The waterline form controls the boat's trim as it heels. If the boat trims down by the bow as it heels, it is because the waterplane shape at the aft end is more full than the waterplane shape forward. Bow down trim reduces the angle of attack on the keel blade. With smaller angle of attack, the less lift. The less lift, the poorer the windward ability.

If the boat trims up by the bow as it heels, it is because the waterplane shape at the forward end is more full than the waterplane shape aft. Bow up trim increases the angle of attack on the keel blade. With higher angle of attack, the more lift. The more lift, the better the windward ability.

Eric

[Earl Boebert]

You can see the phenomenon Eric describes if you've ever watched one of Ted Houk's "Rip Tide" designs sail. When a gust hits going to windward the boat comes up out of the water like a dolphin and just takes off.

Cheers,

Earl

[fredschmidt]

When God scattered men changing their languages ​​fully achieved their goals, so let's define our understandings:

Waterplane - is only a plan parallel to water surface. A plane is infinite.
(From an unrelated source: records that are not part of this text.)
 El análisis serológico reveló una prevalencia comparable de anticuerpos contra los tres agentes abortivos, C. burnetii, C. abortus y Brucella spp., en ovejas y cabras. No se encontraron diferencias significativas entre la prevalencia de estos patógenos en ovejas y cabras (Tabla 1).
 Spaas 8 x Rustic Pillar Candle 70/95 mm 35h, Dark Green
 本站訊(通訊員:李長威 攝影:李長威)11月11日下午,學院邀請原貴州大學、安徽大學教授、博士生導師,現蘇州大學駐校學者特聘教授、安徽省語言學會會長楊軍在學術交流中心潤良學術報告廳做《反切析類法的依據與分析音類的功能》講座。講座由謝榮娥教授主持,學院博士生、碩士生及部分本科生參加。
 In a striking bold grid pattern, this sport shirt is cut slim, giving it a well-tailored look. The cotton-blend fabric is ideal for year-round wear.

Waterlines - a line that is the intersection of the hull form with a water plan

The shape of the hull can be represented by series of parallel' waterlines, such as a mountain is represented in topography by level curves.

Waterlines make sense for us, because they represents the hull form, we need see them in 3D.
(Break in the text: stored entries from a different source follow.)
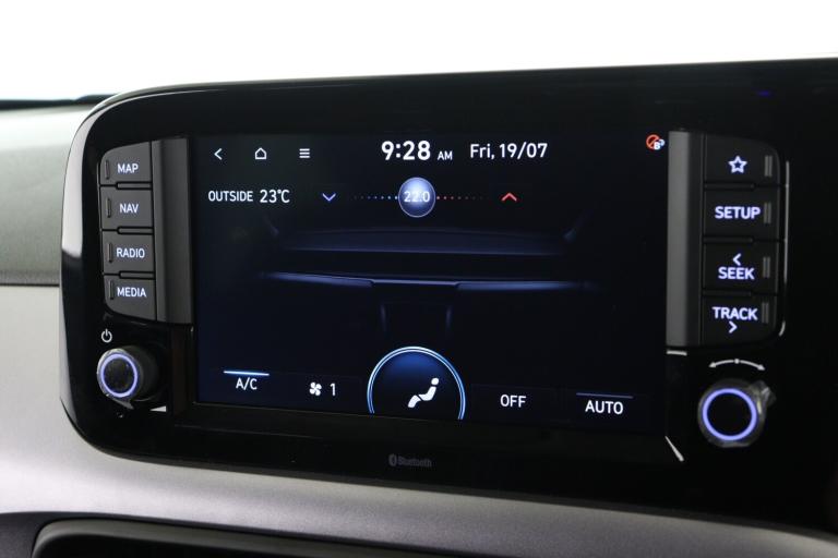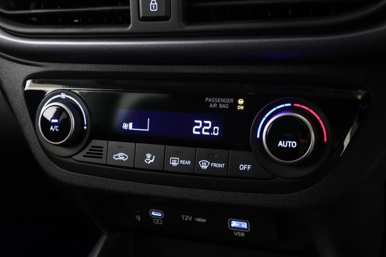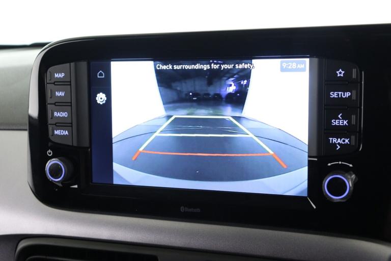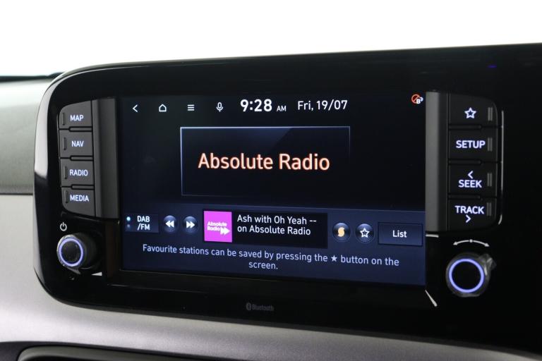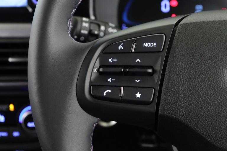 ..8'' Touchscreen satellite navigation including mapcare and LIVE services, Apple car play/Android Auto, Bluelink mobile remote connectivity, Bluetooth connectivity with voice recognition, Cruise control, Driver attention alert system, eCall emergency call system, Forward Collision-Avoidance Assist (FCA) - Pedestrian/Cyclist, Full-width 4.2'' LCD instrument cluster, Intelligent speed limit assist, Lane departure warning system with lane keep assist - LKAS, Lane follow assist, PAS, Rear parking sensors, Rear view camera with guidelines, Roadside assistance, Tailgate, Trip computer, Wireless charging pad, 2 front/2 rear speakers, Front and rear USB-C ports, Front USB connection, Leading vehicle alert (LVA), Steering wheel audio, phone and cruise controls, 1 speed non intermittent rear windscreen wiper, Black finish on B pillars, Body colour door handles, Body coloured bumpers, Body coloured door mirrors, Electric folding door mirrors, Electric front windows, Electric rear windows, Electrically adjustable and heated door mirrors, Flat metal emblem, Front fog lights, Front grille in glossy black, Front intermittent wipers, Halogen bi-function headlights, Headlights inner with Black Blade design, Heated rear window, High beam assist, Indicator light on door mirrors, LED daytime running lights, Privacy glass for rear window, Rear roof spoiler with integrated LED brake light, Rear side wing doors, 12v power outlet - front, 3 seat bench in 2nd row, 60/40 split folding flat to floor rear seats, Air conditioning climate control, Auto light control, Bottle holders in front/rear doors + front centre console, Cabin and luggage compartment interior lighting, Cloth upholstery, Driver + passenger vanity mirrors, Driver's seat height adjustment, Driver/passenger sunvisors with ticket holders, Floor mats, Front door pockets, Front Head Restraints - Vertical and Horizontal Adjustment, Front LED blue mood lighting, Glove compartment, Heated front seats, Heated steering wheel, Height adjustable steering column, Isofix child seat preparation, Leather wrapped steering wheel and gear knob, Metallic grey dashboard finisher with Meta Blue air vent rings, black/purple grey C-Pad and dark metallic garnish console, Rear door pockets, Single front passenger seat, Vertical adjustment rear head restraints, 13'' Rear brake discs, 3x3 point rear seatbelts, Airbags - front, front side and curtain airbags, Anti-lock brake system (ABS), Autonomous emergency braking (AEB) with forward
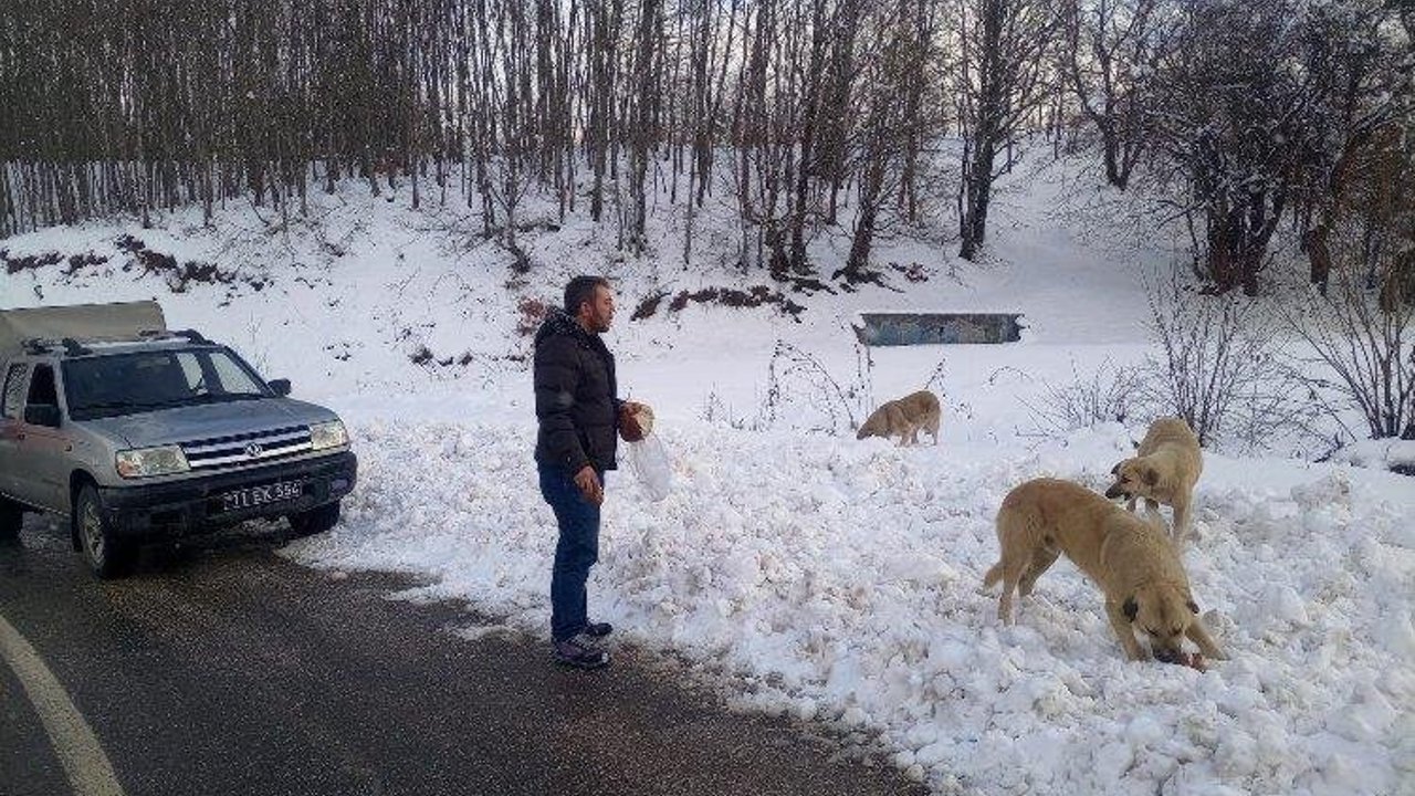 Bilecik'in Pazaryeri ilçesinde hava sıcaklığının gece -10 dereceye kadar düşmesi sonrasında yerel belediye başıboş sokak hayvanları için çalışma başlattı.Pazaryeri Gündem / BİLECİK (İGFA) - Pazaryeri’ni Bursa'ya bağlayan karayolunun Ahı Dağı kısmında sayıları gittikçe çoğalan başıboş köpekler belediye ekiplerince her gün periyodik olarak besleniyor.
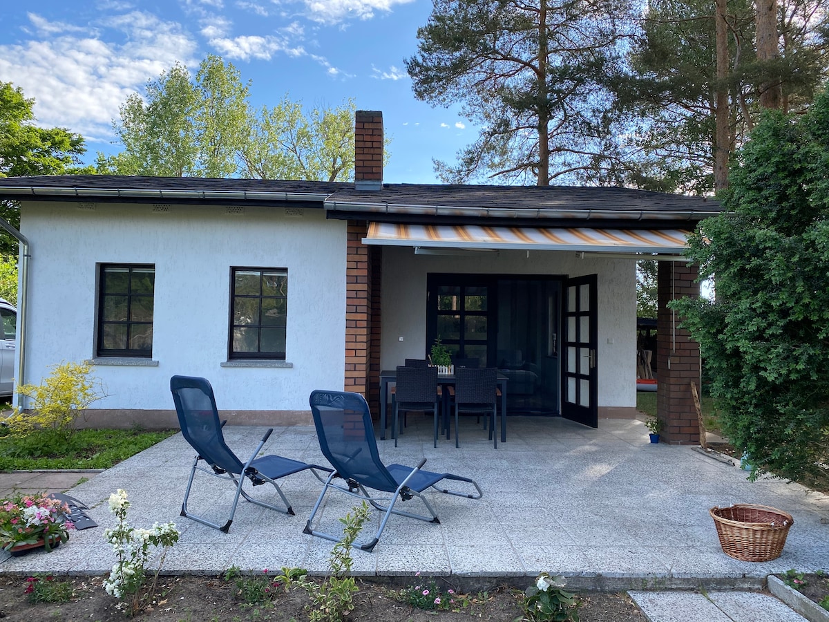 Wij bieden ons kleine appartement in bungalowstijl op ons terrein in het rustige Börnicke aan de rand van Berlijn te huur. Het is een appartement met 1,5 kamer met een badkamer en een uitgeruste keuken. Onze bungalow nodigt je uit voor absolute ontspanning vanwege de ligging aan de rand van het bos en het groene veldenmeer op loopafstand. Maar ook Berlijn is per trein in ongeveer 15 minuten te bereiken.

Being the waterlines the hull form representative and a chine a device that changes the shape of the hull we speak about waterlines, the curves that represents the hull form being affected by chine.
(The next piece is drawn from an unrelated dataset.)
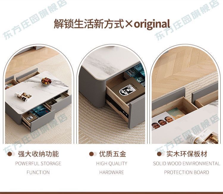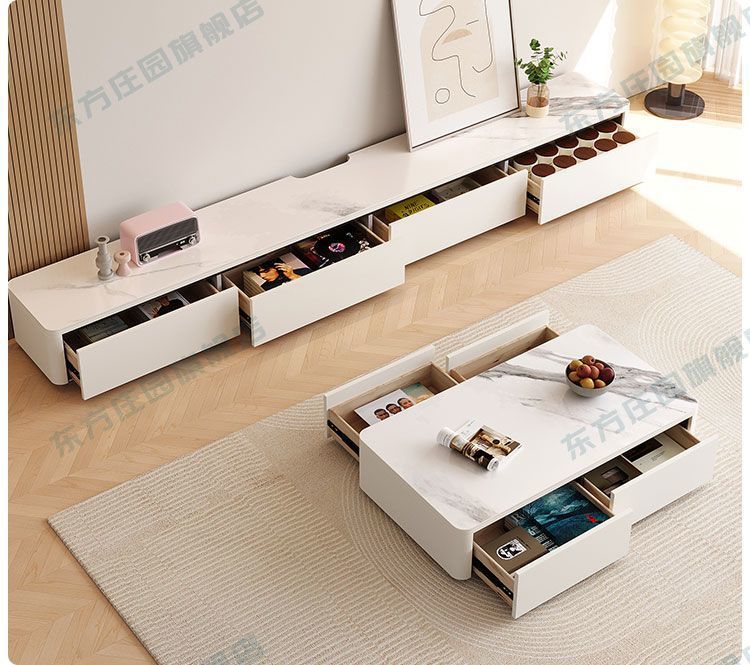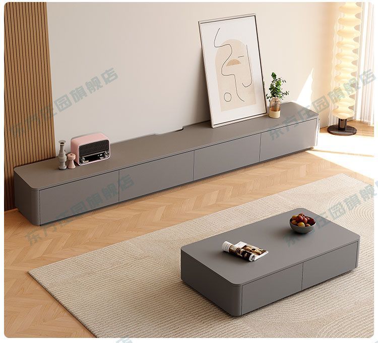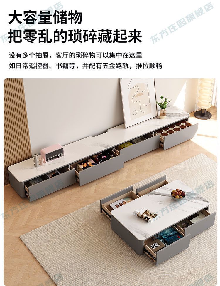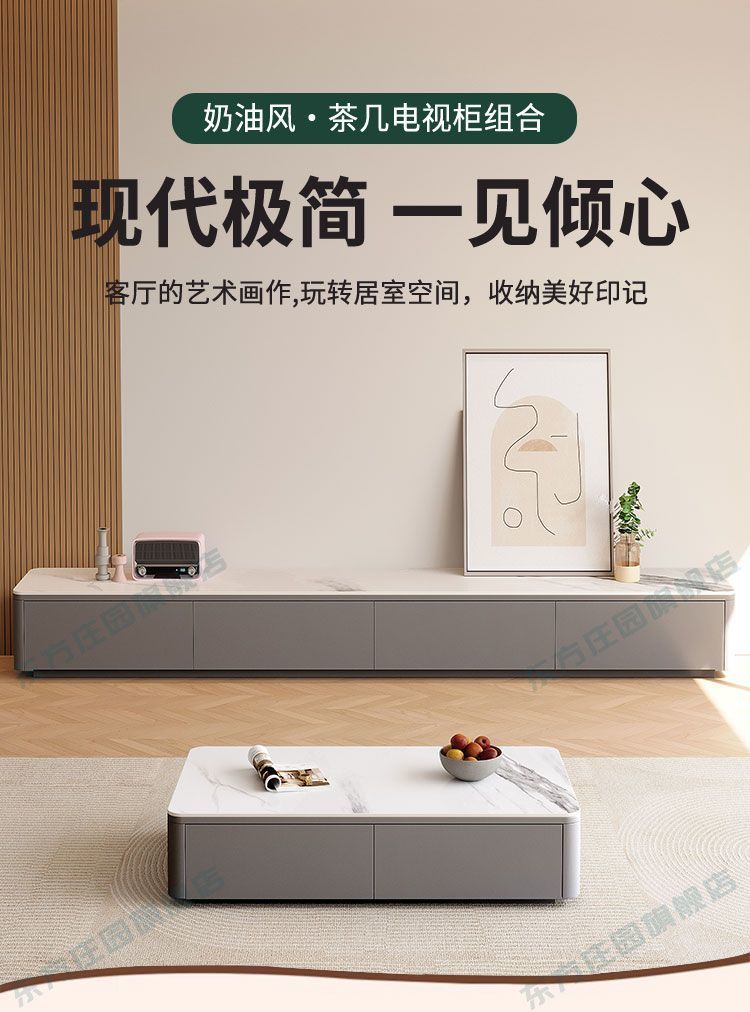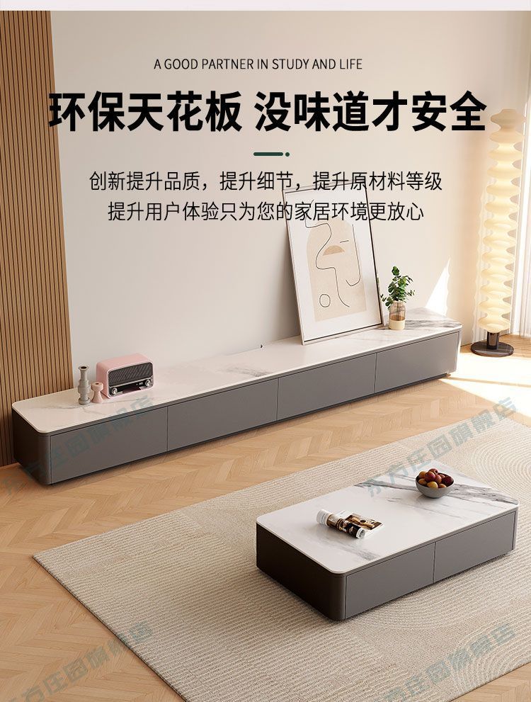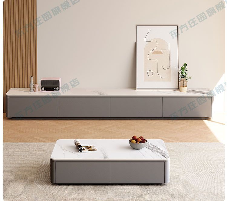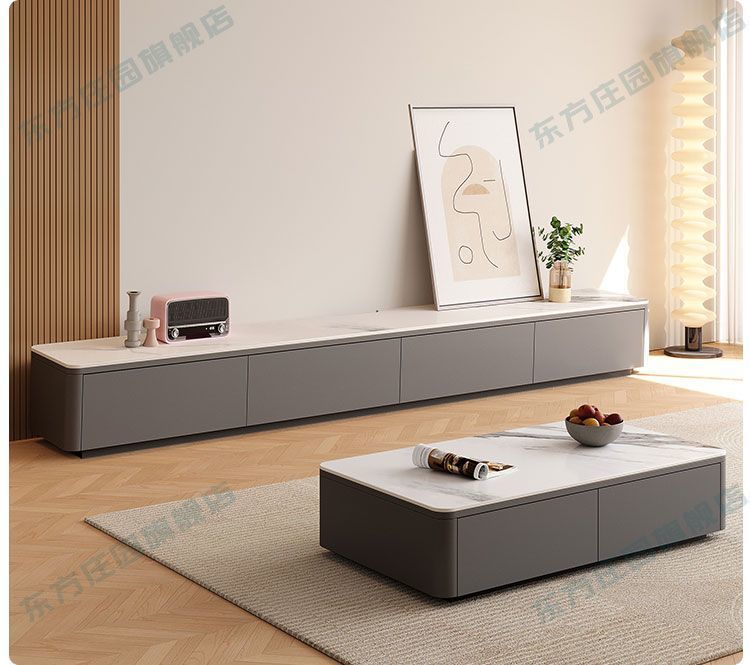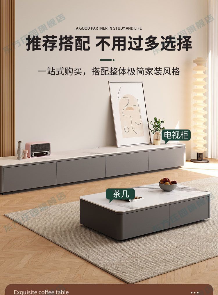Комбинация журнального столика из цельного дерева от пола до потолка Комбинация журнального столика Современная минималистская новая гостиная

Lift has severals, rudder, keel and hull even if small. The total lift is the vector sum of all.

I think that the chine immersed change the shape of the hull, so the waterlines, appropriately.

The symmetric hull with chine above DWL when heeled becomes asymmetric like a Hobie Cat hull (adequately asymmetric), improving all hydrodynamically.

Without chine symmetrical hull when heeled become asymmetric but in not so good form.

We see that in this figure. One side of the hull, flat, vertical, and the other shaped, like a hobie cat:

[Mikko Brummer]

Quote:

Originally Posted by daiquiri

I have read the article, and agree with the "Anonymous" reader who has technically explained why a hull is not a good lift-maker. It uses very similar aero/hydroynamic arguments l have used in my previous posts. If you want more "grip" on water then you work on foils (keel, rudder), you don't rely on the hull as lifting surface. It is ABC of aero and hydrodynamics, though I understand that might sound counterintuitive at first glance.
A person not trained in fluid dynamics tend to reason in terms of things he knows from everyday experience - like how sharp skates bite the ice more efficiently than blunt ones, or how a showel easily digs into the earth while a tennis ball doesn't, and so on. Fluids behave differently and sometimes in a less obvious way.

And I also fully agree with Eric's arguments in the post #24, regarding enhanced volume distribution of a hull with chines in a heeled condition. Very neat post by Mr. Sponberg.

I tend to disagree - the hull is not insignificant as a lift producer. Look at my post #43 in the wing keel-bulb keel thread From winged keel to bulb keel. In the simulation, the hull produces one third of the side force, or half that of the keel (rudder lift excluded). It's mostly due to the keel/hull lift transfer, as can be seen from the numbers when the keel fin is omitted. As for the drag, look at the numbers with and without the fin, it only rises about 15% while the lift is doubled when the fin is under the hull. But of course, this is just a simulation, and not even very complete as such, since the free surface effects are neglected.

Including the free surface effects could make the hull even more signicant, or at least more efficient... As the boat is heeled, the keel root gets close to the surface and makes a wave. So there is a lift induced wavemaking drag, both for the keel fin and the hull. Here, the hull is at a much better position than the keel fin: For wavemaking, the Froude number gets significant, and the long hull has a much, much smaller Fn than (especially a narrow) keel fin. Thus, the hull may not be at all that inefficient in its lift production. You may also want to read the post #76 in the same thread.